Trzeba by czekać dwa lata, aż to się zwróci. Albo i nie zwróci… Tak czy inaczej zamrożenie takich pieniędzy jest ryzykowne. Mam teraz w głowie mnóstwo nowych piosenek, ale nie wiem, jak to rozegrać
Maryla Rodowicz nie może też liczyć w tej sytuacji na wytwórnię. Pomoże ona jej tylko w promocji płyty, a nie produkcji.
Nie finansują one wszystkich kosztów nagrania płyty, czyli producenta, studia. Biorą na siebie tylko promocję płyty.

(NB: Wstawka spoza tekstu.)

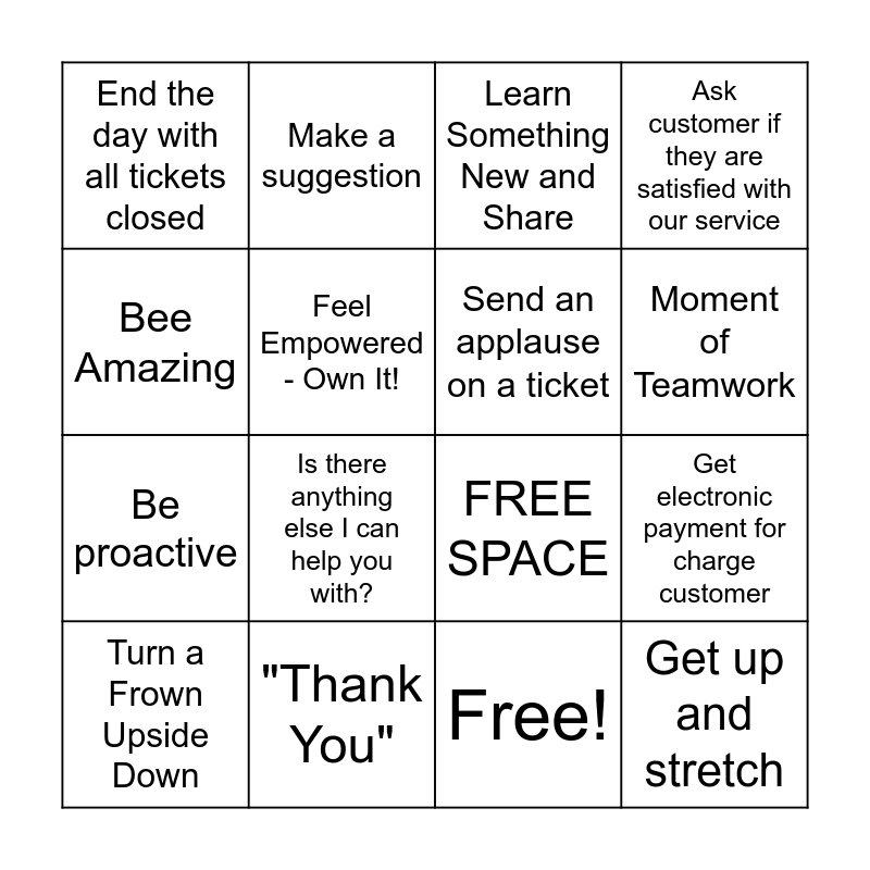 This bingo card has 17 words: Free!, Turn a Frown Upside Down, Learn Something New and Share, End the day with all tickets closed, Is there anything else I can help you with?, Ask customer if they are satisfied with our service, Get electronic payment for charge customer, Send an applause on a ticket, Moment of Teamwork, Feel Empowered - Own It!, "Thank You", FREE SPACE, Bee Amazing, Make a suggestion, Be proactive, Positive RM interaction and Get up and stretch.

Wszystko to dlatego, że piosenkarka nie uznaje półśrodków i stawia na najwyższą jakość w produkcji swojej nowej płyty. Dlatego jej wyprodukowanie kosztuje około 200 tysięcy złotych.
Ja lubię nagrywać z rozmachem, z kwartetem smyczkowym, z wybitnymi muzykami. Wszystko to składa się na bardzo wysokie koszty, bo około 200 tysięcy złotych! Potrzebuję więc sponsora.
Dyskografię Maryli Rodowicz zamyka album Ach świecie…, który został wydany we wrześniu 2017 roku przez Sony Music Poland.